- 427
Günther Förg
Description
- Günther Förg
- Untitled
- signed and dated 1990 on the reverse
- acrylic on lead on wood
- 110 1/4 by 63 in. 280 by 160 cm.
Provenance
Galerie Max Hetzler, Berlin
Acquired from the above by the present owner
Exhibited
Literature
Catalogue Note
Eschewing the traditional canvas format, the towering, almost herculean Lead Paintings are made by tirelessly wrapping vast sheets of lead, often in several layers, around a wooden frame; a process that imbues Förg’s work with an entirely unique material presence. Leaving the lead completely untreated, the artist would traverse over the chalky, oxidized surface with rich, luscious pigment in bold color fields, which emphasize the solidity of the support and endow these powerful works with their overwhelming gravitas. The textural variance of the metal lends this work its constant intrigue: “I like very much the qualities of lead – the surface, the heaviness. Some of the paintings were completely painted, and you only experience the lead at the edges; this gives the painting a very heavy feeling – it gives the color a different density and weight. In other works the materials would be explicitly visible as grounds. I like to react on things, with the normal canvas you have to kill the ground, give it something to react against. With the metals you already have something – its scratches, scrapes…” (Günther Förg in conversation with David Ryan, in: David Ryan, Talking Painting: Dialogue with Twelve Contemporary Abstract Painters, London 2002, p. 77).

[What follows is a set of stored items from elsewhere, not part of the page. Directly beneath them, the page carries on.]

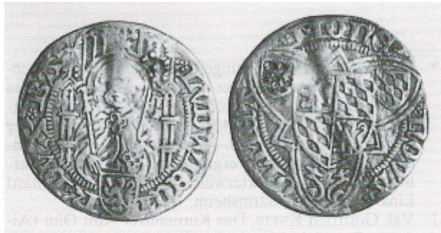
Abb. 2: Münze der Staatlichen Münzsammlung München.

Bislang war man in der Fachliteratur der Meinung, es sei nur ein einziges Exemplar erhalten geblieben, das in der Staatlichen Münzsammlung München auf- bewahrt wird. Inzwischen sind jedoch um 1957 bei einem großen Weißpfennig-Fund in Köln drei wei- tere Nieder-Olmer Münzen aufgetaucht 8 . Vergleicht man die Details der Münzbilder, so ergibt sich, dass die vier erhaltenen Weißpfennige unter Verwendung unterschiedlicher Prägestempel geschlagen wurden. Sie sollen nun vorgestellt werden: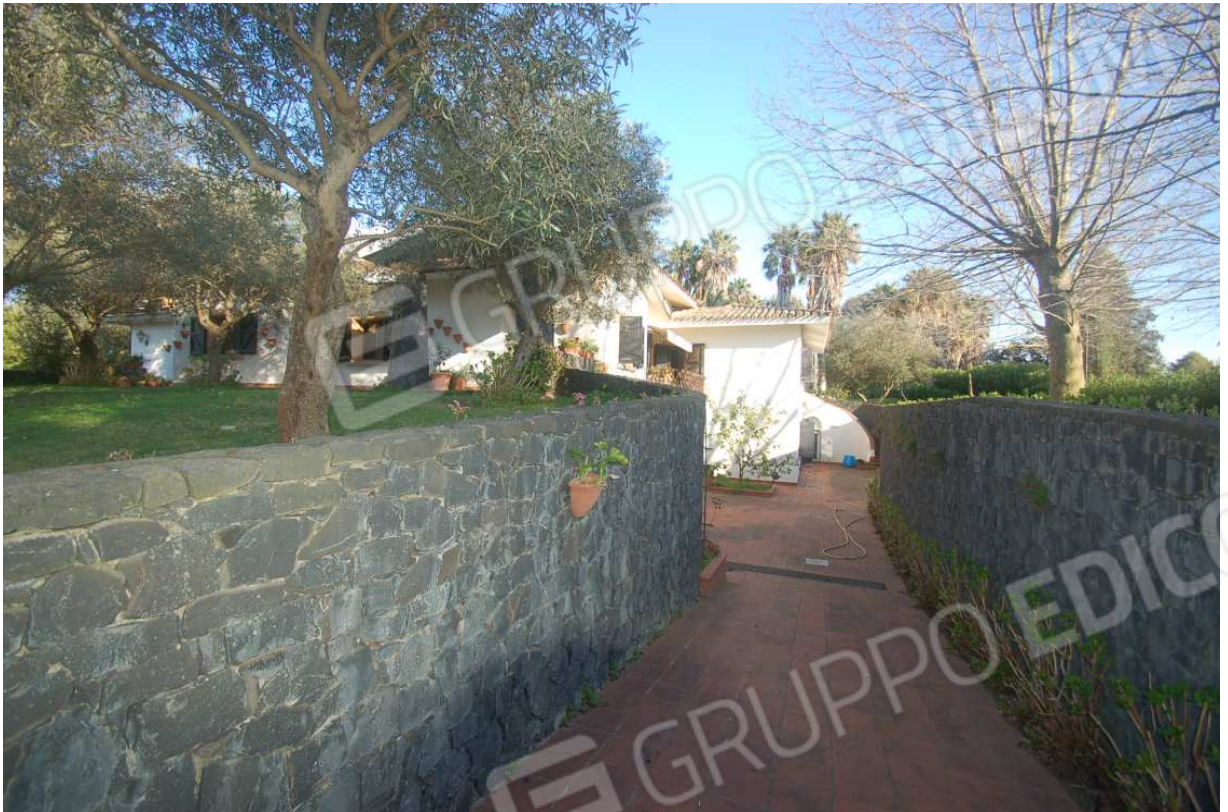
VISTA 15: Rampa accesso scantinato - Lato Nord-Ovest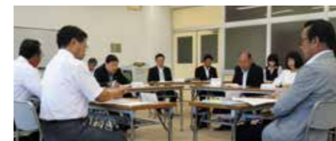
▲第1回南あわじ市総合教育会議

地方教育行政の組織及び運営に関する法律の改正により、すべての地方公共団体に「総合教育会議」の設置が義務付けられました。南あわじ市では6月1日に「第1回総合教育会議」を開催しました。同会議は市長と教育委員会では、会議設置要綱について及び教育大綱の策定についてを協議しました。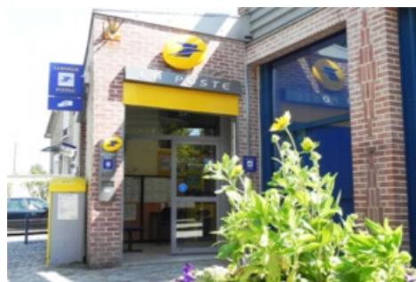
CP La Poste Quartier de Gassicourt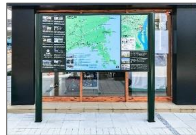
<多言語観光案内板(イメージ)>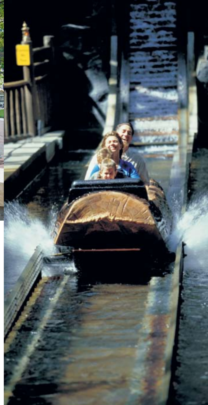
FOTO LINKS WATER PARK OF AMERICA.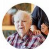
Juleglede for eldre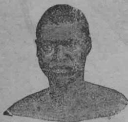
種 色 黑

Förg’s career-long fascination with material qualities is something that is firmly entrenched within the history of Modernism. We immediately think of the precedent of Robert Ryman, whose practice was so focused on "the image" or "the end product", whilst the muscular, virile use of lead in Untitled instantly recalls the organic, powerful sculptures of Richard Serra. Visually, however, the color field works of Abstract Expressionist giants like Mark Rothko and Barnett Newman are perhaps the most obvious precedent, while the scratchy marks apparent in the upper register of the work remind us of Cy Twombly's canonical blackboard works. Nonetheless, the present work is distanced from Abstract Expressionism’s concern with the sublime and metaphysical aura; Untitled is instead a manifesto of pure formalism, an essay in Förg’s defining rationalism and a celebration of absolute materiality.